Before applying, validate with dry-run:

```bash
kubectl apply -f backup-ops.yaml --dry-run=server
```

If dry-run reports errors, fix the YAML before proceeding.

Apply it:

```bash
kubectl apply -f backup-ops.yaml
kubectl get ops <cluster>-backup-ops -n <ns> -w
```

> **Success condition:** `.status.phase` = `Succeed` | **Typical:** varies | **If stuck >30min:** `kubectl describe ops <cluster>-backup-ops -n <ns>`

### Option B: On-Demand Backup via Backup CR

```yaml
apiVersion: dataprotection.kubeblocks.io/v1alpha1
kind: Backup
metadata:
  name: <backup-name>
  namespace: <ns>
spec:
  backupMethod: <method>
  backupPolicyName: <policy-name>
  deletionPolicy: Delete
```

Before applying, validate with dry-run:

```bash
kubectl apply -f backup.yaml --dry-run=server
```

If dry-run reports errors, fix the YAML before proceeding.

Apply it:

```bash
kubectl apply -f backup.yaml
kubectl get backup <backup-name> -n <ns> -w
```

> **Success condition:** Full backup: `.status.phase` = `Completed` | **Typical:** varies | **If stuck >30min:** `kubectl describe backup <backup-name> -n <ns>` — Continuous backup: `.status.phase` = `Running` | **Typical:** 1min | **If stuck >5min:** `kubectl describe backup <backup-name> -n <ns>`

### Option C: Scheduled Backup (Cluster CR)

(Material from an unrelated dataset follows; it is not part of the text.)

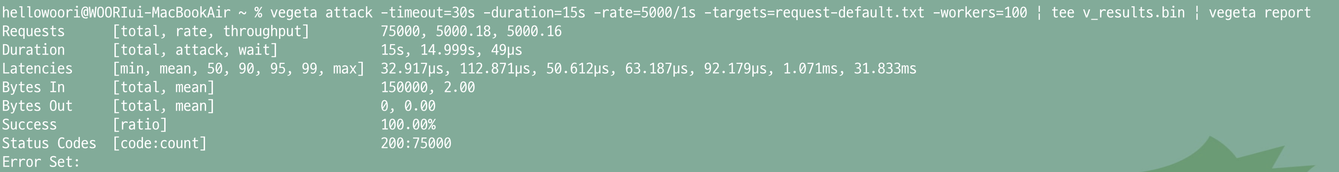 vegeta attack -timeout=30s -duration=15s -rate=5000/1s -targets=request-default.txt -workers=100 | tee v_results.bin | vegeta report

Add a `backup` section to the Cluster CR spec:

```yaml
spec:
  backup:
    enabled: true
    retentionPeriod: 30d
    method: xtrabackup
    cronExpression: "0 0 * * *"
    repoName: <repo-name>
```

Common cron expressions:
- `"0 0 * * *"` — daily at midnight
- `"0 2 * * 0"` — weekly on Sunday at 2 AM
- `"0 */6 * * *"` — every 6 hours

### Option D: Continuous Backup for PITR

Continuous backups stream transaction logs (binlogs/WAL) to enable point-in-time recovery. Create a Backup CR with the continuous method:

```yaml
apiVersion: dataprotection.kubeblocks.io/v1alpha1
kind: Backup
metadata:
  name: <cluster>-continuous
  namespace: <ns>
spec:
  backupMethod: archive-binlog    # MySQL; use wal-archive for PostgreSQL
  backupPolicyName: <cluster>-<component>-backup-policy
  deletionPolicy: Delete
```

For PITR to work, you need **both** a completed full backup **and** a running continuous backup.

## Step 4: Verify Backup

```bash
kubectl get backup -n <ns>
```

Expected output shows `Completed` status:

```
NAME              POLICY                              METHOD        STATUS      AGE
my-backup         mycluster-mysql-backup-policy        xtrabackup   Completed   5m
```

Check backup details:

```bash
kubectl describe backup <backup-name> -n <ns>
```

## Troubleshooting

**Backup stuck in InProgress:**
- Check BackupRepo connectivity: `kubectl describe backuprepo`
- Check backup pod logs: `kubectl logs -n <ns> -l app.kubernetes.io/name=backup`

**BackupPolicy not found:**
- Ensure the cluster is running: `kubectl get cluster -n <ns>`
- BackupPolicy is auto-created with the cluster; check addon installation

**Volume-snapshot backup fails:**
- Ensure a VolumeSnapshotClass exists: `kubectl get volumesnapshotclass`
- CSI driver must support volume snapshots

## Additional Reference

For BackupRepo setup (S3, OSS, MinIO, GCS), continuous backup configuration, and advanced BackupPolicy customization, see [reference.md](references/reference.md).

For general agent safety conventions (dry-run, status confirmation, production protection), see [safety-patterns.md](../../references/safety-patterns.md).